沈矜如轻步走到门边,一个身影在门外晃悠,青天白日,她的警惕心也没那么重,只是对门外喊了一句,“今天不营业。“
“小沈在家啊,我是你伍哥,开门吧,我给你拿了点东西。”门外传来一个粗犷的声音。
伍成?沈矜如疑惑地想着。伍汛的叔叔,也是棋牌室的常客。
沈矜如打开门锁,门刚打开,她心里又闪过一丝懊悔,伍成不是什么善茬,沈矜如也只能勉强地将门开了一条缝。
没来得及说话,一个身影就蹿进了门,手里拿了个篮子。
“伍哥,什么事?”面对伍成的不请自来,沈矜如眼里有一闪而过的嫌恶,但脸上还是挂着笑。
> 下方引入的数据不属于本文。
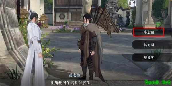 3、然后前往孔庙找到石桌旁的三位师傅对话并询问哪一位愿意收徒。
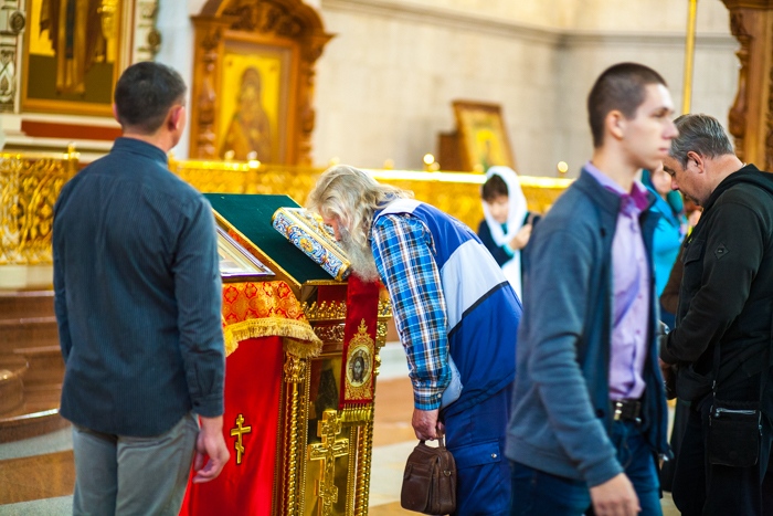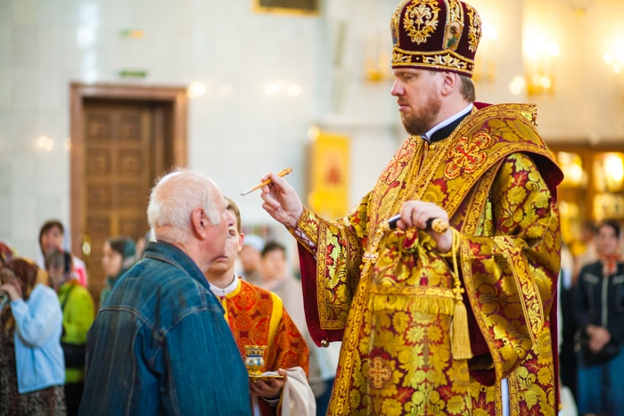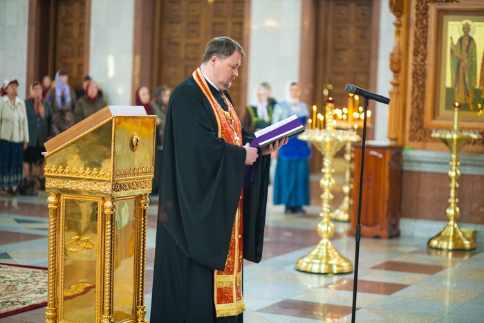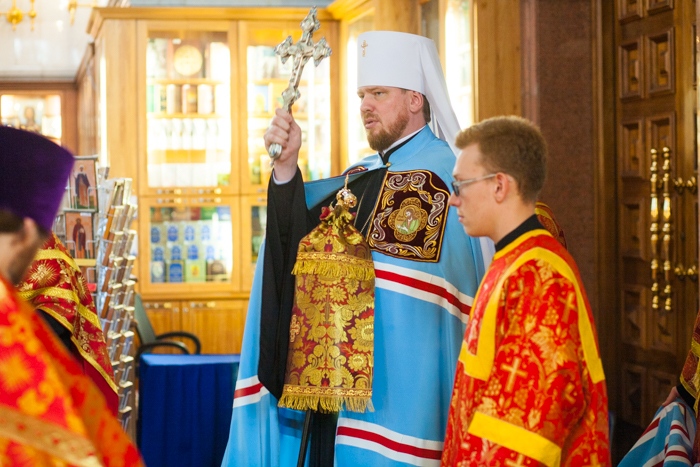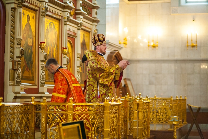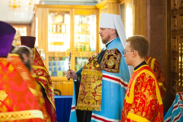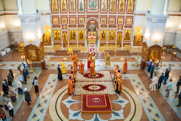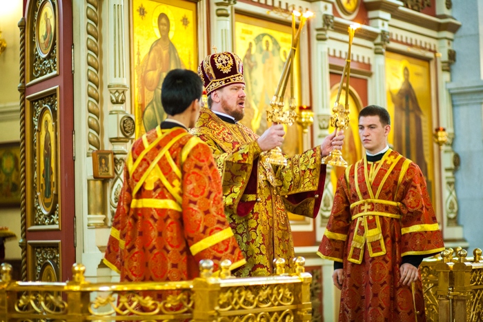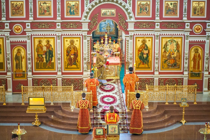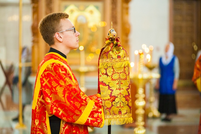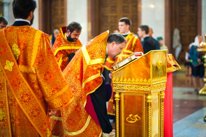 Всенощное бдение накануне дня Усекновения главы Пророка, Предтечи и Крестителя Господня Иоанна в Спасо-Преображенском кафедральном соборе Хабаровска. 10 сентября 2016 года
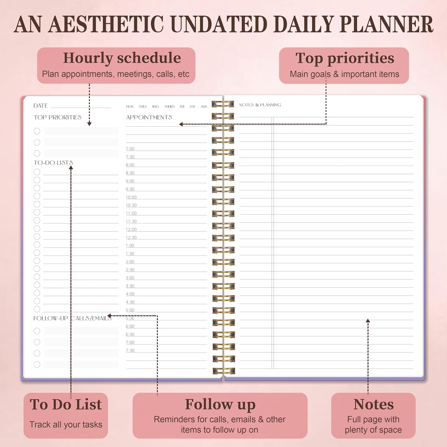 Start Anytime, Beat Procrastination: This undated daily planner allows you to start whenever you’re ready. Cultivate productive habits, overcome procrastination, and make every day count with its flexible hourly planning format
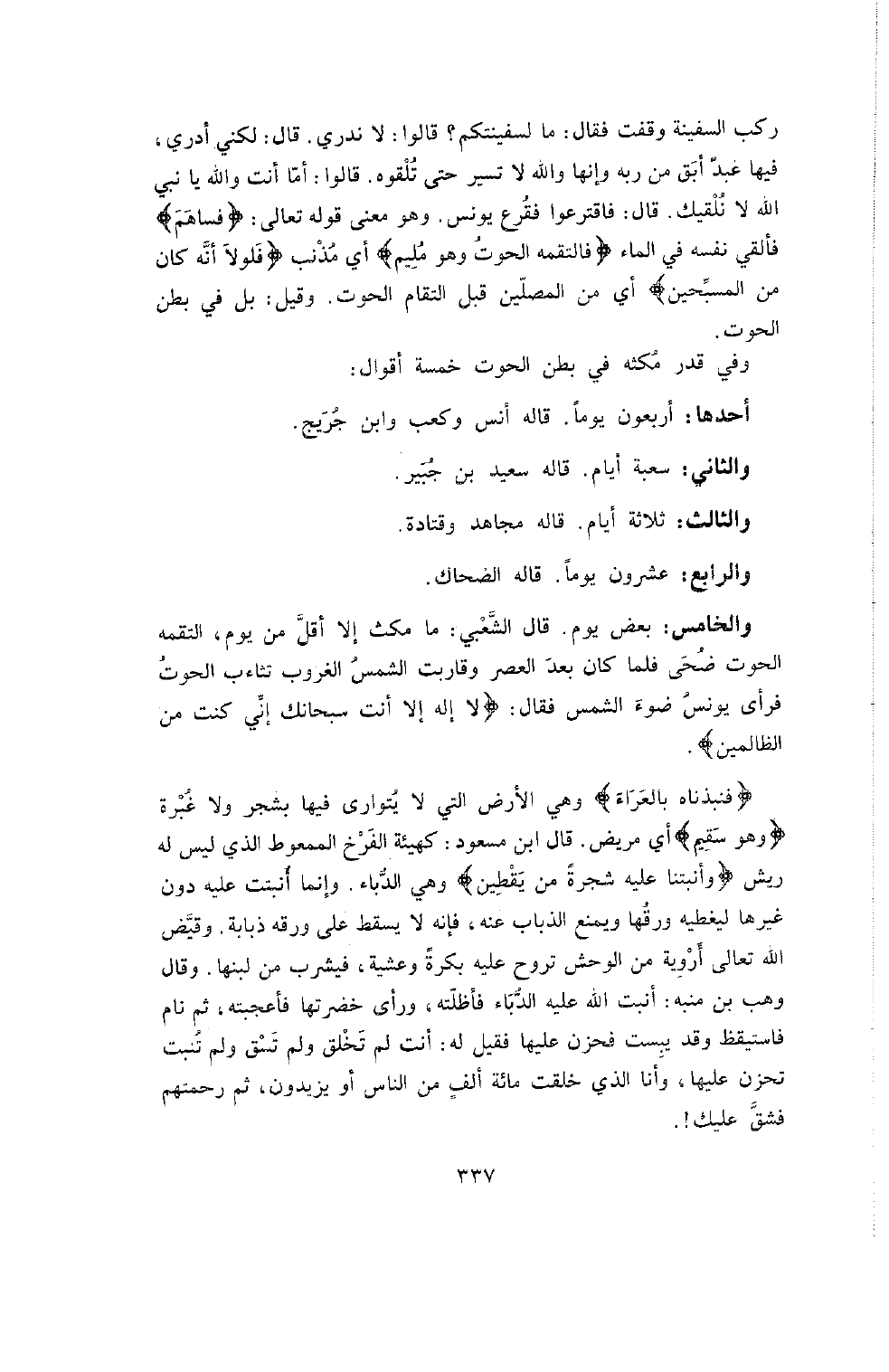 وَفِي قَدْرِ مُكْثِهِ في بطن الحوت خمسة أقوال: أحدها: أربعون يَوْمًا. قَالَهُ أَنَسٌ وَكَعْبٌ وَابْنُ جُرَيْجٍ. وَالثَّانِي: سَبْعَةَ أَيَّامٍ. قَالَهُ سَعِيدُ بْنُ جُبَيْرٍ. وَالثَّالِثُ: ثلاثة أيام. قاله مجاهد وقتادة. والرابع: عشرون يَوْمًا. قَالَهُ الضَّحَّاكُ. وَالْخَامِسُ. بَعْضَ يَوْمٍ. قَالَ الشَّعْبِيُّ: مَا مَكَثَ إِلا أَقَلَّ مِنْ يَوْمٍ , الْتَقَمَهُ الْحُوتُ ضُحًى فَلَمَّا كَانَ بَعْدَ الْعَصْرِ وَقَارَبَتِ الشَّمْسُ الْغُرُوبَ تَثَاءَبَ الْحُوتُ فَرَأَى يُونُسُ ضَوْءَ الشَّمْسِ فَقَالَ: " {لا إِلَهَ إِلا أَنْتَ سبحانك إني كنت من الظالمين} ".
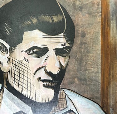 Extra dik canvas, 50x50x4cm, acrylverf en inkt.
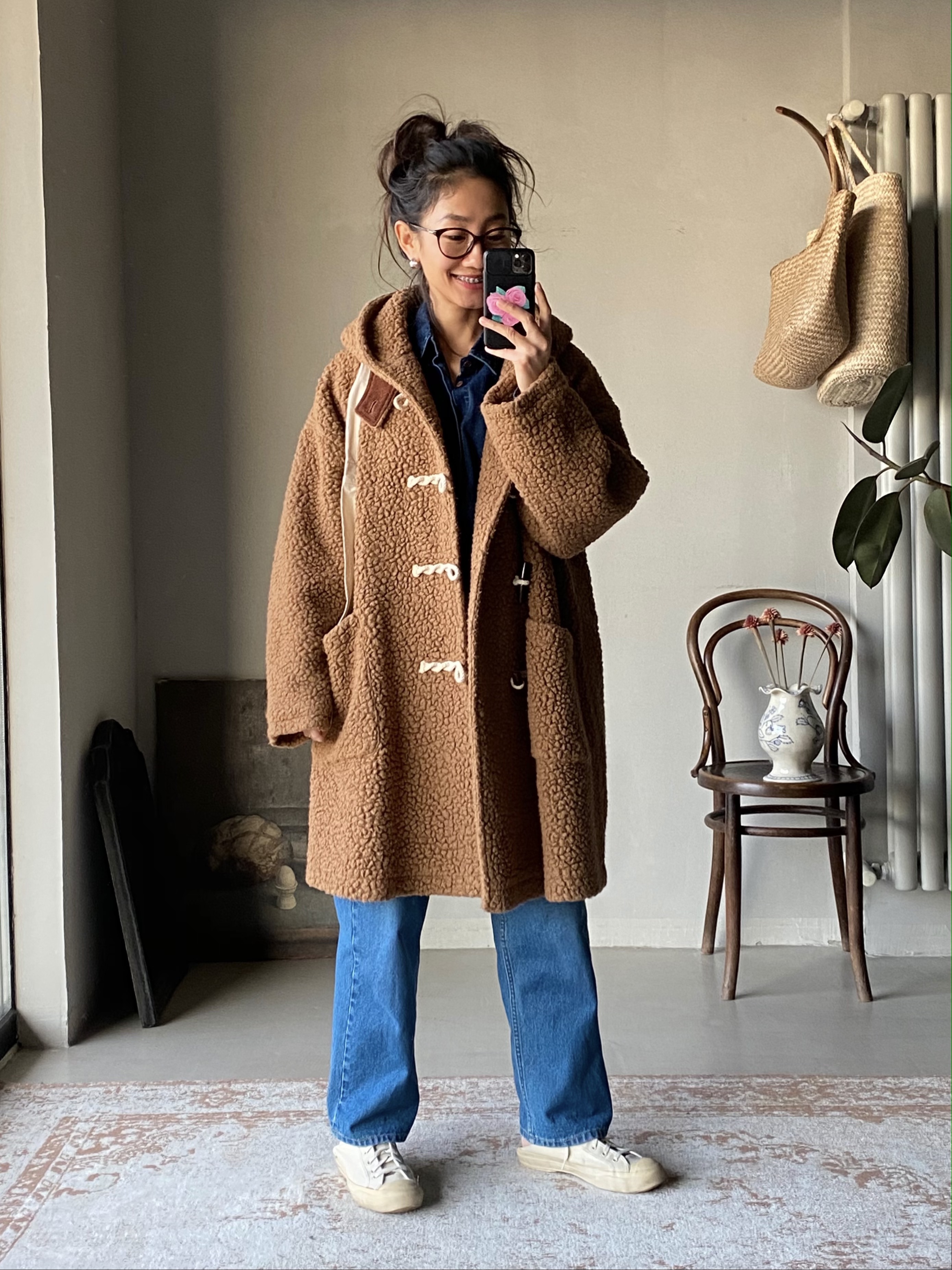 面料来自意大利,软糯卷曲,温暖十足。宽松阔形,包容身材。可长久陪伴。

伍成将篮子放下,搓了搓手,“早上卖剩了几条新鲜的鲫鱼,就给你拿过来了。”
沈矜如往一旁靠了靠,无声地将她跟伍成之间的距离拉开。
“汛儿学校的事麻烦你了,这不,我也没什么东西好送的,你别嫌弃。”
伍成说着就往沈矜如的身旁靠了靠,眼神不住地往女人身上瞟。鱼贩子的身上常年带着一种难闻的鱼腥味,沈矜如不动声色地皱了皱眉。
“伍哥,我吃不了鱼,你还是拿回去吧。”沈矜如这样说着,身子也往一旁偏了偏。她敏感地捕捉到了伍成眼中一闪而过的精光,上午棋牌室基本上不会有人来,现在偌大的屋子里只有她跟伍成两个人,沈矜如心里打起了鼓。
伍成是个粗汉子,四十好几了也没娶上媳妇,自从沈矜如开棋牌室以来,他就成了常客。跟其他猥琐的男人一样,主要的目的就是为了多看几沈矜如。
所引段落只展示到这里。